Based on the “O” antigen of the organism, Shigella species is classified into four serogroups viz: serogroup A (S. dysenteriae), serogroup B (S. flexneri), serogroup C (S. boydii) and serogroup D (S. sonnei); and these serogroups contain different serotypes and sub-serotypes of Shigella. Shigella species are invasive bacteria that cause a range of gastrointestinal diseases (shigellosis) in humans. There are no animal reservoirs for Shigella species. The bacteria pathogen inhabits the intestinal tract of humans; and this makes the disease a strict human infection. S. dysenteriae is transmitted via the feacal-oral route especially through the consumption of contaminated water. Person-to-person transmission of the pathogen is also possible via faecally-contaminated hands or fingers. Other Shigella species (e.g., S. sonnei and S. flexneri) cause food-borne infections in humans, and these are usually transmitted via contaminated dairy products (e.g., egg) and other contaminated food or food products. Drinking and swimming in feacal-contaminated water or pool and the consumption of food contaminated with sewage or faecal matter of infected person’s aids the transmission of the pathogenic bacteria in human population. Waterborne or food borne infections due to Shigella can ensue in a defined human population when people fail to practice good personal and environmental hygiene.     


S. dysenteriae and other Shigella species are basically acquired via the feacal-oral route especially through the consumption of contaminated food, vegetables or water and via infected hands, flies or fingers.
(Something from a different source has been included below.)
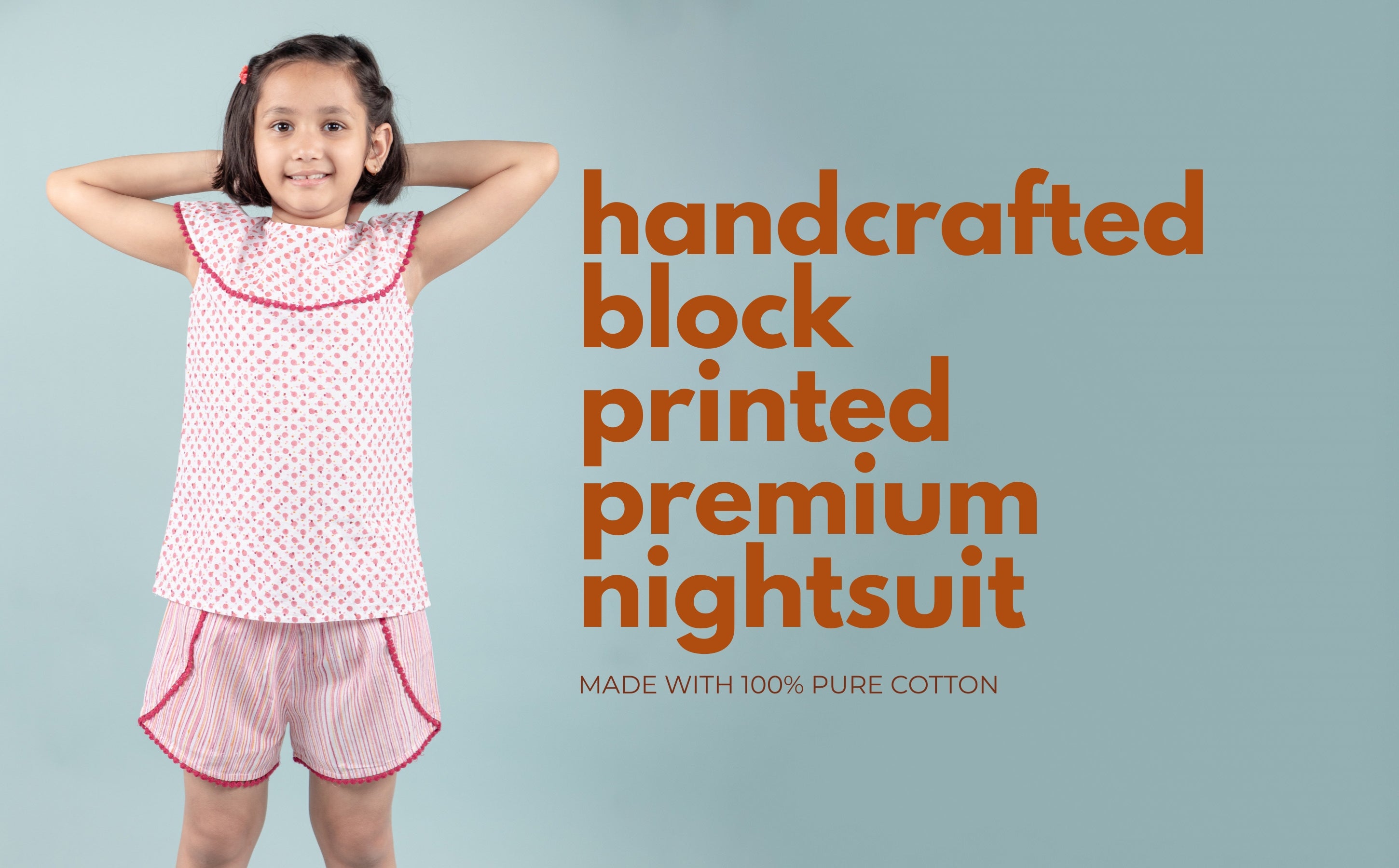 Handcrafted Kids Block Printed Nightdress for Girls – Pure Cotton Summer Sleepwear Set

Only a small amount or dose of Shigella species (e.g., 103 cells) is actually required to initiate an infection unlike in salmonellosis and other enteric infections where a high dosage of the invading bacteria is required to initiate a pathological condition in the host. After oral ingestion of the pathogen, S. dysenteriae, an intracellular bacterial pathogen penetrates the mucosal area or surfaces of the colon (large intestine) and ileum (small intestine) where it causes inflammatory and ulcerative reactions. Principally, S. dysenteriae is phagocytosed by macrophages after being taken up by the M cells of the gastrointestinal tract (GIT). They induce apoptosis and are released from the macrophage and then go on to cause pathological changes within the mucosal cells of the ileum and colon which they invade. M cells are cells of the mucosal epithelial region of the GIT (especially the colon and ileum).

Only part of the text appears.